Music Reviews

“mira”

Mira

Mira

Projekt

Mira is the kind of debut CD that makes me hope like hell there’s a follow-up coming from the band very soon. Unlike most of Projekt’s roster, Tallahassee-based Mira doesn’t fit in the gothic ambient mold, although you can maybe hear some of labelmate Love Spirals Downwards in Mira’s fuzzed-out guitars paired with gorgeous female vocals (the much-lamented Moon Seven Times might be another fair point of comparison). Current critical pigeonholing would probably slide Mira into the “shoegazer” box, but that just doesn’t capture the raw emotional power of the album to suck you in and spit you out staggering in wonder at the end.

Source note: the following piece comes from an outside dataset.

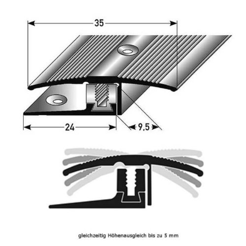 Top Quality Transition Profile, Threshold Strip Laminate "Vernon 7-17 mm, height: 35 mm, 3-Piece, anodised Aluminium, drilled Flex - Hot Products 2018

Whatever you want to call Mira’s music, it’s breathtaking. Take “Cayman,” for instance, which starts with solo bass, then kicks in shimmering guitars, drums, and Regina Sosinski’s paradoxical voice, sometimes small and vulnerable, sometimes confident and defiant, but always lovely. The song builds up a wall of fuzzed-out guitar and pounding drums, knocks it all down to a gentle strumming, then throws it back up again, just one example of the awesome range and control of dynamics that runs throughout the album.

My favorite track, though, is “Real,” a breakup song that kicks the usual wounded mopiness in the ass, focusing instead on the frustrating mix of anger/pain/sadness/confusion that all too often marks the end of something that might once have been beautiful, or might have been shit from the start. Quick-strummed nervous guitar with dark undertones of bass sliding underneath becomes a seething sea of sound, heavy waves of distorted guitar and drums alternating with gentle picking and strumming, slowly receding till only the solo lonely voice is left, repeating a mantra of love and loss, then nothing, nothing at all.